_TRY IT_. Output the line containing "花弁枚数が多い緑芯のライトピンク。" and each line after it through the end of the data, exactly as written, with pictures left out.

_Stored items from a collection_.
◇ ◇ ◇ ◇

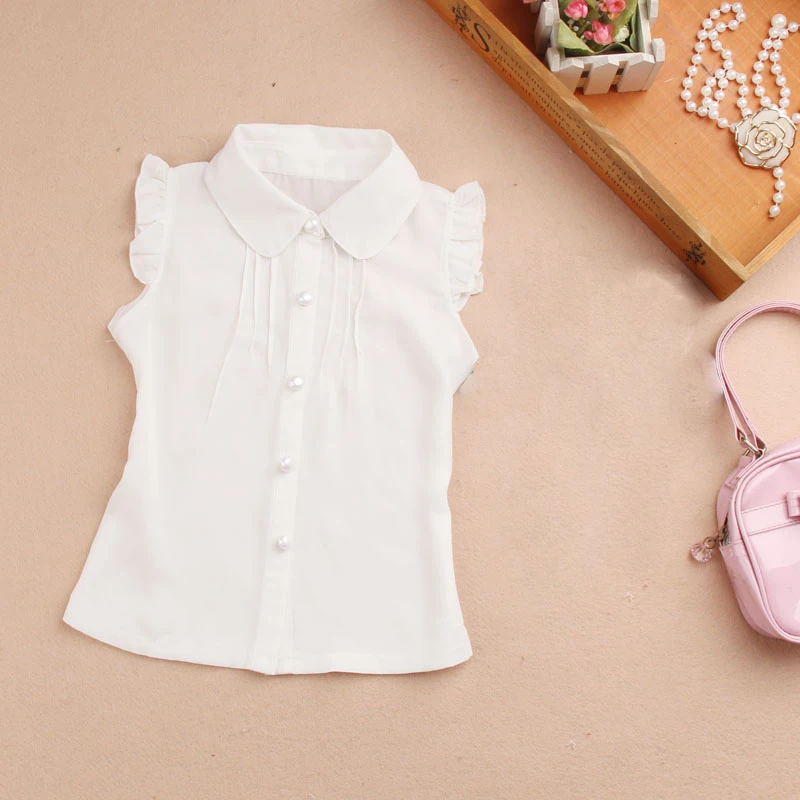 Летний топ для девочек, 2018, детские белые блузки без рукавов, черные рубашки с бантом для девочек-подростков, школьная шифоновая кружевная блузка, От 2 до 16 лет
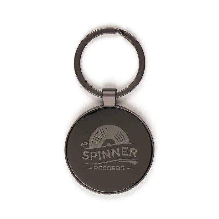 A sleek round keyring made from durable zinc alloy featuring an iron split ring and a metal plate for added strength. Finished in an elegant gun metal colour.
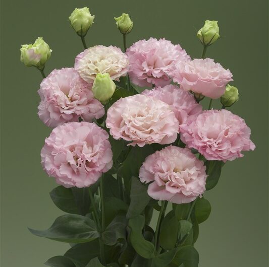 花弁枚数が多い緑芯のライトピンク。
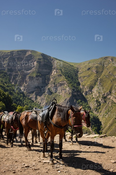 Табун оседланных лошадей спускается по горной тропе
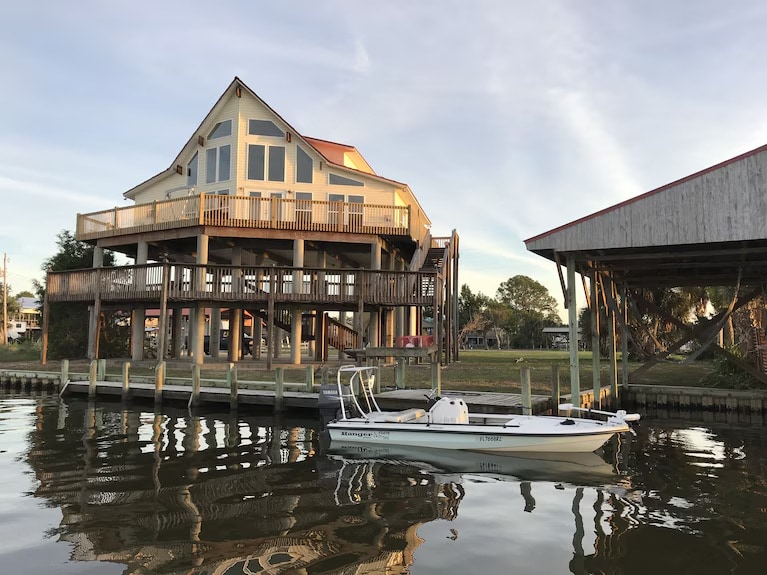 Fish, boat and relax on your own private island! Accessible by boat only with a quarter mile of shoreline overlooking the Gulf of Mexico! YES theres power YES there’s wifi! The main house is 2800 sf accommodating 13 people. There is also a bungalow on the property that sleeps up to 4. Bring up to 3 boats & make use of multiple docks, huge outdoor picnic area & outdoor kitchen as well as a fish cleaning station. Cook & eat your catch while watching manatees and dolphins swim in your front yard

◇ ◇ ◇ ◇

_WRITTEN RESPONSE_.
 花弁枚数が多い緑芯のライトピンク。
 Табун оседланных лошадей спускается по горной тропе
 Fish, boat and relax on your own private island! Accessible by boat only with a quarter mile of shoreline overlooking the Gulf of Mexico! YES theres power YES there’s wifi! The main house is 2800 sf accommodating 13 people. There is also a bungalow on the property that sleeps up to 4. Bring up to 3 boats & make use of multiple docks, huge outdoor picnic area & outdoor kitchen as well as a fish cleaning station. Cook & eat your catch while watching manatees and dolphins swim in your front yard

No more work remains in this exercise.